Хотокэ наклонила голову и поднялась. Медленно скользя, она перешла к величавым движениям, держась с таким достоинством, которое никак не соответствовало ее молодости. Киёмори пристально наблюдал за ней с восторженным выражением на лице, но, когда его глаза впивались в красавицу, им овладевало дикое побуждение овладеть ею.
— Прекрасно. Лучше, чем я ожидал, — сказал он наконец. — Выпьем за это, Хотокэ? Мы будем пить сакэ в Весеннем павильоне и посмотрим, как Хотокэ станцует еще раз.
Хотокэ было приказано остаться в особняке, и по всей столице, где бы ни встретились люди, пошли разговоры о том, что господин Киёмори завел себе новую наложницу. Но это было не так, потому что Хотокэ из благодарности к Гио не уступала желаниям Киёмори и день за днем жалобно просила отпустить ее домой.
— Передайте Гио, чтобы она уходила, — приказал тогда Киёмори слугам. — Я сделал все для того, чтобы она стала счастлива. Гио теперь может безбедно дожить свои дни.

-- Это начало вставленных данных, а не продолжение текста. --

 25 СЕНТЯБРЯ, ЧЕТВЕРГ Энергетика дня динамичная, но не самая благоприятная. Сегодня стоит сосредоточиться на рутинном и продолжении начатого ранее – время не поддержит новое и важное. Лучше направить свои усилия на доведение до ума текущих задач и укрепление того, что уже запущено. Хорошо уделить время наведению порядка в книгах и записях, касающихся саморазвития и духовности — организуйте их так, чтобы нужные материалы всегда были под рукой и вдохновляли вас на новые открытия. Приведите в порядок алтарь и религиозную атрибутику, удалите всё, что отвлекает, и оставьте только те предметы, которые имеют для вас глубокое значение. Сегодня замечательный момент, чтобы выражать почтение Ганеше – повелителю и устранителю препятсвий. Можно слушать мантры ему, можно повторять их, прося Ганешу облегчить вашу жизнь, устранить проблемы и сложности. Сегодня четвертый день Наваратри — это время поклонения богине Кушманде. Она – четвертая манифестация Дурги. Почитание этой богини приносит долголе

Гио с облегчением встретила новость о том, что она вольна уйти, хотя и плакала, когда думала о Таданори, потому что она оказалась женщиной, которую превратили в игрушку одного человека, тогда как сердце ее было тайно отдано другому.
Как только в столице стало известно, что Гио отпущена домой, мужчины в городе начали назойливо забрасывать ее посланиями с просьбами выступить у них на праздниках, ежедневно посылали ей подарки, но девушка спряталась дома и отказывалась кого бы то ни было видеть.

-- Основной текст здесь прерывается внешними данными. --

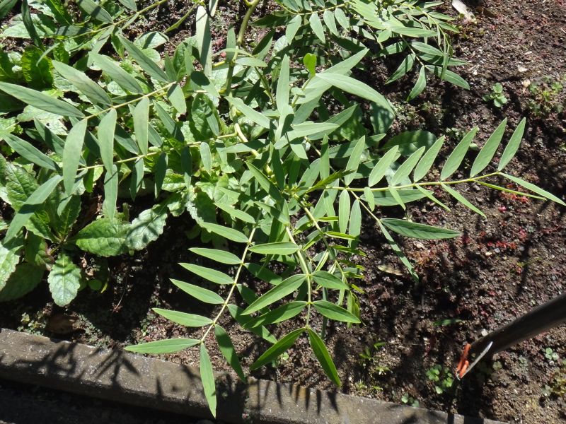 羽状複葉が出るたびに茎が少し曲がるので、茎はジグザグ気味にのびる。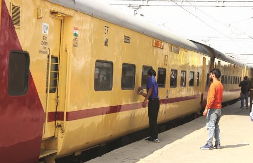 Making Public Transport Safe to prevent the spread of the virus, Railway staff continued their routine sanitizing operation in Coaches on Friday at Railway Station Jammu.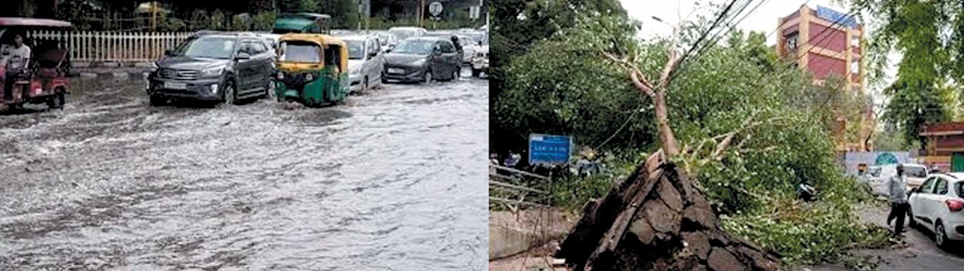 રસ્તાઓ તળાવ બની ગયા. તોફાન અને વરસાદને કારણે દિલ્હી-એનસીઆરમાં વાહનવ્યવહાર ઠપ્પ થઈ ગયો મેટ્રો સેવાને પણ અસર થઈ હતી.

Гио была очень удручена, когда увидела, что ее отец Рёдзэн совершенно изменился. Теперь он стал сварливым скандалистом, домашним тираном, пьяницей, погрязшим в долгах. Ее мать, которую, как полагала Гио, она осчастливила через свое собственное несчастье, была в отчаянии. Вскоре Рёдзэн исчез вместе со Змием, и о нем больше ничего не слышали.
В конце весны следующего, 1168 года Гио, ее сестра и мать обрезали свои длинные волосы и ушли жить отшельницами на холмах в Саге, возле храма к северу от городских ворот. Не успели они толком обосноваться там, как танцовщица Хотокэ убежала из особняка на западной стороне Восьмой улицы и пришла в Сагу, прося, чтобы отшельницы приняли ее к себе. Она, как и Гио, устала от богатства, удовольствий и жизни в пороке.
Глава 44.
Скандал
Киёмори ездил в Фукухару все чаще и чаще, и те, кто путешествовал между столицей и западом Японии, изумлялись переменам, которые произошли за пять-шесть лет, потому что рыбацкие поселения и пустоши превратились в процветающий городок с особняками и роскошной усадьбой Киёмори в центре. Там были не только отличные дороги, но вдоль береговой линии выросло много лавок, что уже придавало Оваде черты порта.
Хотя строительство особняка Киёмори было завершено, а вокруг выросло множество подобных ему домов Хэйкэ, но глава дома не добился существенных сдвигов в строительстве огромной гавани, о которой мечтал. Хотя специально построенные для перевозки камня суда одно за другим сбрасывали в море груз для создания мола, его постоянно разрушали штормы и сильные юго-западные ветры. А когда мол начинал принимать проектные очертания, его до основания уничтожали осенние тайфуны. Но Киёмори отказывался прекращать работы. Он взывал к окружающим:
— Неужели здесь нет никого, кто обладал бы достаточным опытом и способностями, чтобы завершить строительство порта? Я бы много дал за то, чтобы заполучить такого человека. Найдите же его и пришлите ко мне.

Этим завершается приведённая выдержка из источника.